Kurt McKee

lessons learned in production

Hey there! This article was written in 2012.

It might not have aged well for any number of reasons, so keep that in mind when reading (or clicking outgoing links!).

Date parsing

Posted 17 December 2012 in feedparser and listparser

I have lost patience with the RFC 822 date parsing in both feedparser and listparser. Back in 2009 when I started writing listparser I decided to use regular expressions to turn RFC 822 date strings into Python datetime objects. Earlier this year when I discovered that feedparser's RFC 822 parser had copied code from Python's rfc822 module I stripped it out and replaced it with the code I'd written for listparser.

Over time it's been necessary to tweak the code to support additional variations: extra commas, extra whitespace, swapped days and months, non-standard timezone modifications...so this weekend I decided to look at what the regular expression currently looks like. The result is not pretty:

(?:(?P<dayname>mon|tue|wed|thu|fri|sat|sun), )?(?P<day> *\\d{1
,2}) (?P<month>jan|feb|mar|apr|may|jun|jul|aug|sep|oct|nov|dec
)(?:[a-z]*,?) (?P<year>(?:\\d{2})?\\d{2})(?: (?P<hour>\\d{2}):
(?P<minute>\\d{2})(?::(?P<second>\\d{2}))? (?:etc/)?(?P<tz>ut|
gmt(?:[+-]\\d{2}:\\d{2})?|[aecmp][sd]?t|[zamny]|[+-]\\d{4}))?

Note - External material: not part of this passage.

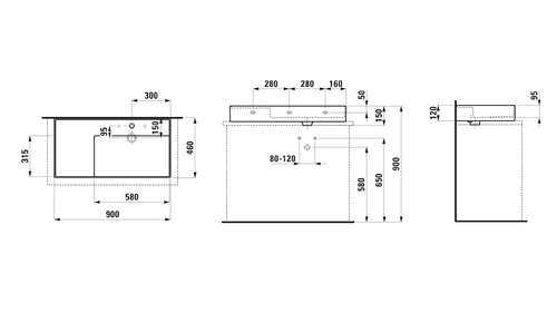 - Breite: 900 mm, Tiefe: 460 mm, Höhe: 120 mm

What's worse, to support swapped days and months it's necessary to create a second regular expression to match that, too. So I decided to rewrite the code using str.split() and a couple of dictionaries. I then ran timing tests on the whole affair, and I'm feeling pretty pleased with the results so far, as it just barely edges out the current code. I expect the new parser to land in feedparser after I integrate it into listparser.